When I am setting folder and directory permissions, who exactly is the user, the group and the others? For example, when I turn-off write permissions for βothersβ - which users does it affect?
When I am setting folder and directory permissions, who exactly is the user, the group and the others? For example, when I turn-off write permissions for βothersβ - which users does it affect?
Answers
Add AnswerOk - this is *nix administration 101. The logged in user (run whoami) is the USER. Then, the group that user belongs to is the GROUP. There may be other users in that group too. Everyone else is OTHER.
You have rwx on each entity - Read/Write/Execute permission.
So, file permissions are (User)(Group)(Other) when written in long-list form (ls -l).
So, when you do a long listing, you will see something like:
-rwxr--r-- (meta info like date, size, etc.) filename.
Read this wiki article on chmod to get a better idea:
http://en.wikipedia.org/wiki/Chmod
HTH.
Unix has users and groups.
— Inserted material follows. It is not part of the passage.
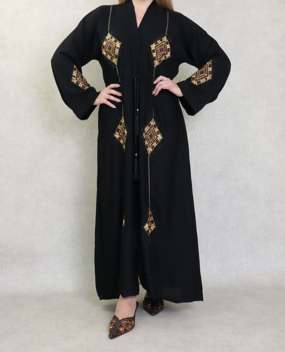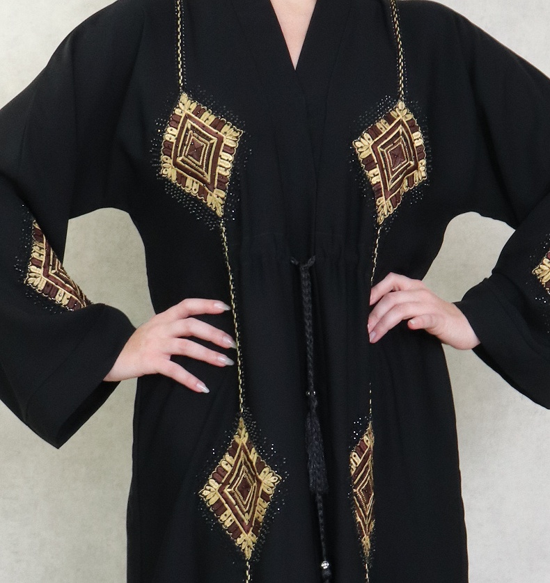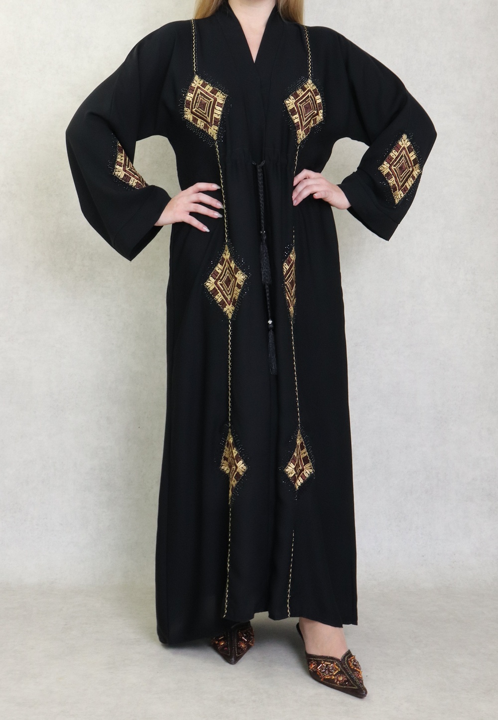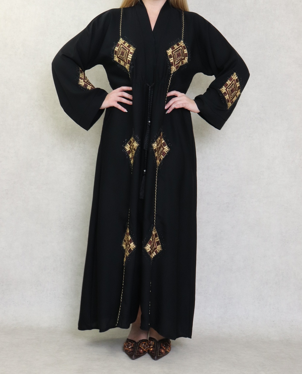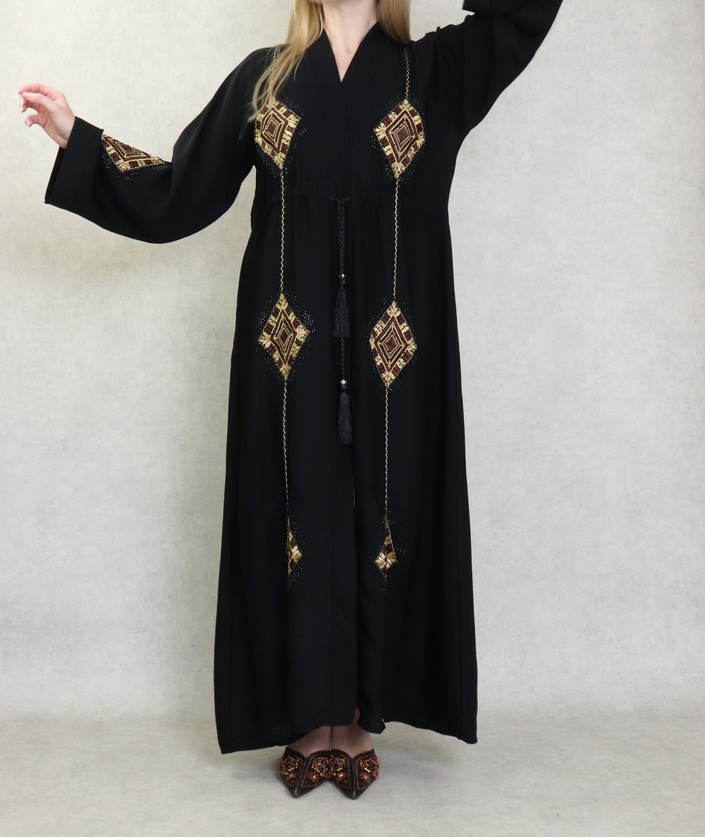 Robe Abaya Dubaï noire de qualité avec broderie et strass dorés et ceinture interne - REF. 38193 (39.90 €)

A user can belong to more than one group.
See /etc/passwd, /etc/group and the man pages on login and group.
That said, files in unix have permissions assigned for 3 entities:
owners, groups and others
Remember also that in unix, everything is a file...
Now, for each of the entities (owners/groups/others) you can set various permissions on files (files/directories/pipes/devices)...
Users in unix are assigned to groups. The owner of a file/folder/etc. is, at least at first, the active logged-in user who created it. The group assigned to the file at that time is the group represented in /etc/passwd for that user.
So, any other user's login that does not belong to the same group as the file creator's group is considered to be ""others"".
You can assign a user to more than one group to allow creation of cross-departmental supervisory roles. See /etc/group and the man pages on login and group.
You can give read, write and execute permissions to the owner, groups and others separately.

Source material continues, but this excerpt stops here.